Reputation: 116636
I have a distributed system that basically executes processes (not OS processes, just stuff that needs to be done). after a few unsuccesful tries (timeouts) it notifies a failure.
I want to continue trying to execute the process afterwards in the background and the question is: should i use a bigger timeout period? or an increasingly bigger timeout (getting bigger and bigger each try)
Upvotes: 1
Views: 1882
Reputation: 16162
I think the first option is better choice, because if you are going to have bigger and bigger on each try, then if your starting at 1 minute after about 1 hour of failure the next try maybe after 1 day..! 1-> 2, 2 -> 4, 4 -> 8, 8 -> 16..
I will go with the first approach and define a reasonable timeout.
Upvotes: 2
Reputation: 49290
It depends on the reason for the failure to do something on the first attempt.
If it is due to potential overload / temporary exhaustion of some resource, you might want to try some exponential back off strategy. The reason being, that continuous attempts to acquire that what you want could make things even worse and thus will probably never lead to success.

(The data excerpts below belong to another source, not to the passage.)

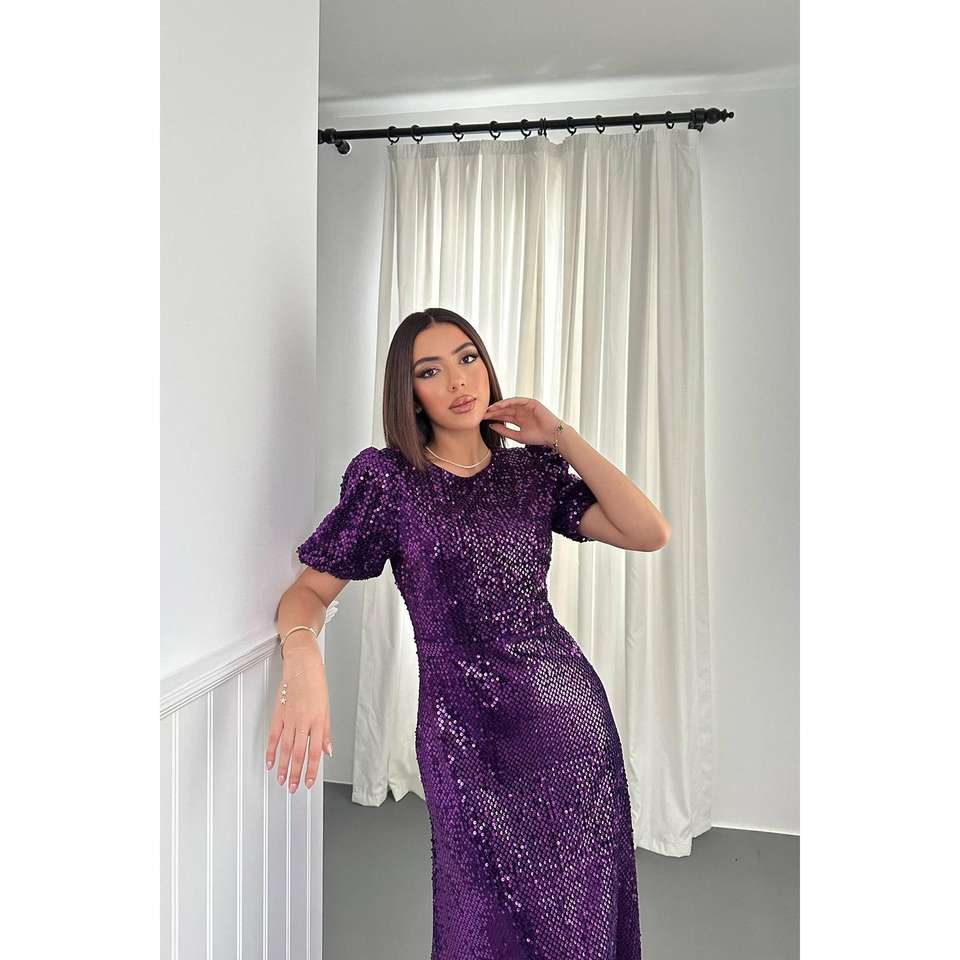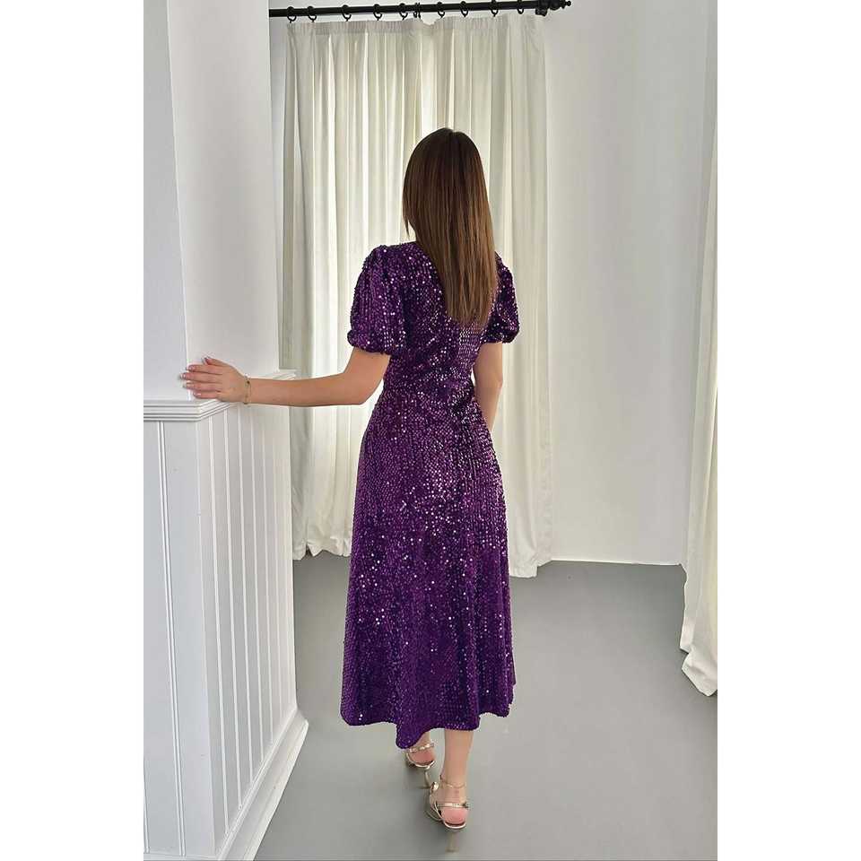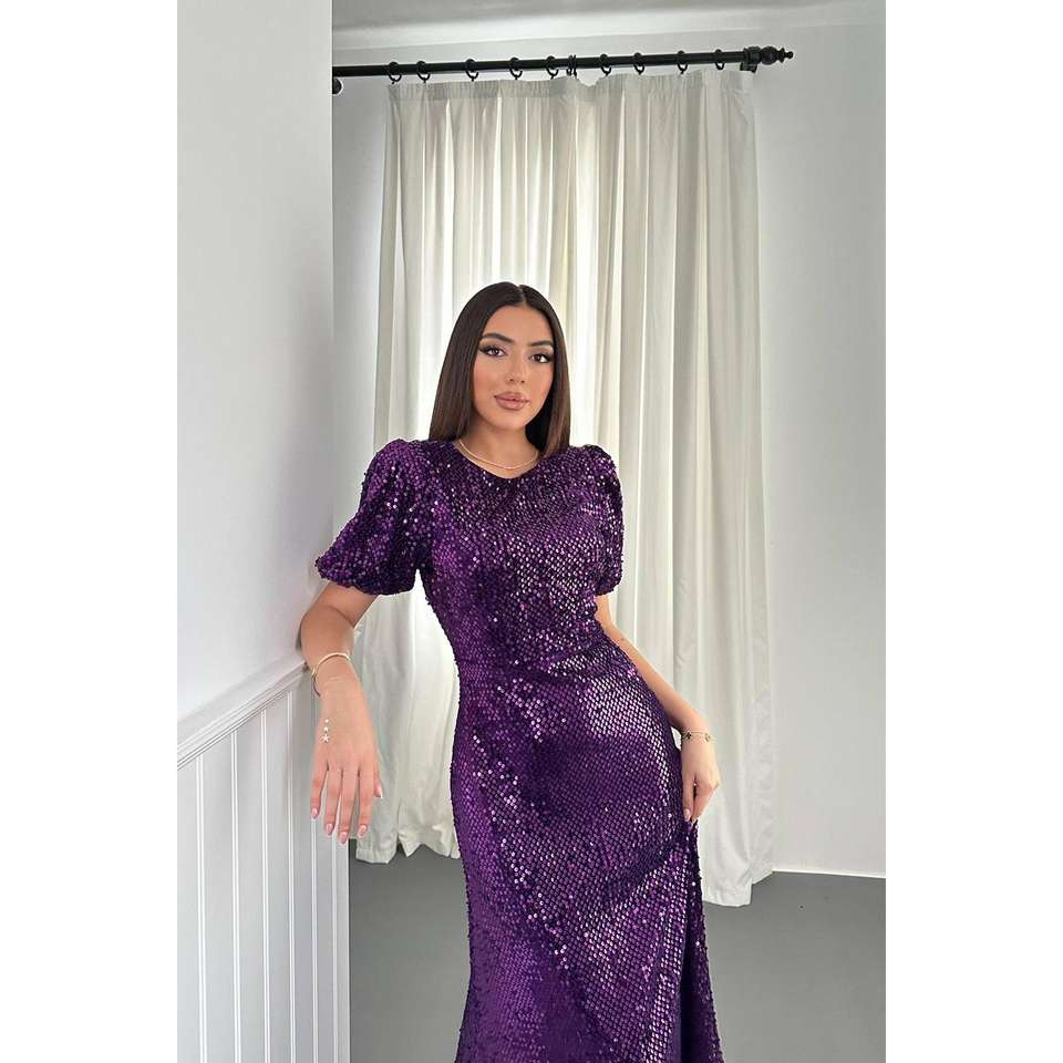 ชุดราตรีสีม่วงประดับเลื่อมขายส่ง
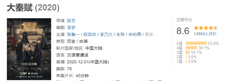 然而,开播第四天,《大秦赋》的口碑便逐渐松动,豆瓣目前已跌至8.6分,并且仍有降落的趋势。
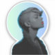 A grayscale portrait of a woman with short, styled hair and a braid. She wears a dark jacket and necklaces. The background is a soft, pastel-toned circle. The womans expression is serene, creating a calm atmosphere. The style is digital art.
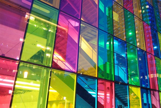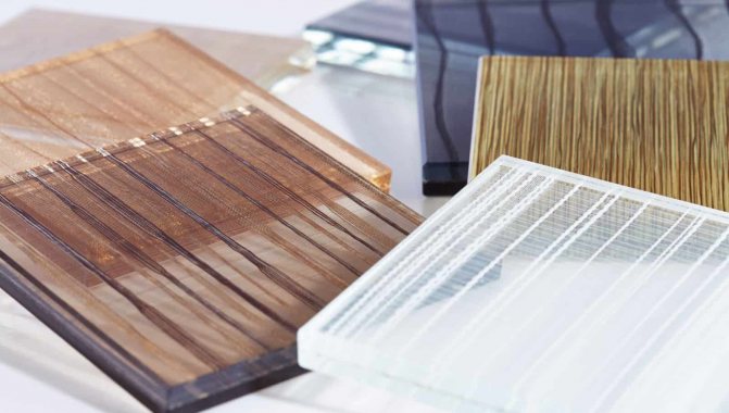 En verre feuilleté, il est possible d'utiliser une couche décorative supplémentaire: inserts en tissu, rotin naturel, bambou, film multicolore sous forme de dessins, motifs. Cette solution est utilisée dans la conception de vitrines de magasins, de cloisons de bureaux et de commerces.

If you are basically waiting for something to happen or be available e.g. a port being open or a file being there ("polling" basically), you might just want to wait for fixed periods of time.
This is somewhat oversimplified, but may give some basic ideas. Just make sure that you thoroughly test whatever strategy (or combination thereof) you choose, to make sure that it (obviously) actually works and also does not worsen anything.
Upvotes: 5
Reputation: 50692
If there are many reasons why it would fail it might be an option to have a look at redesigning the processes to make them able to continue after something went wrong.
Upvotes: 2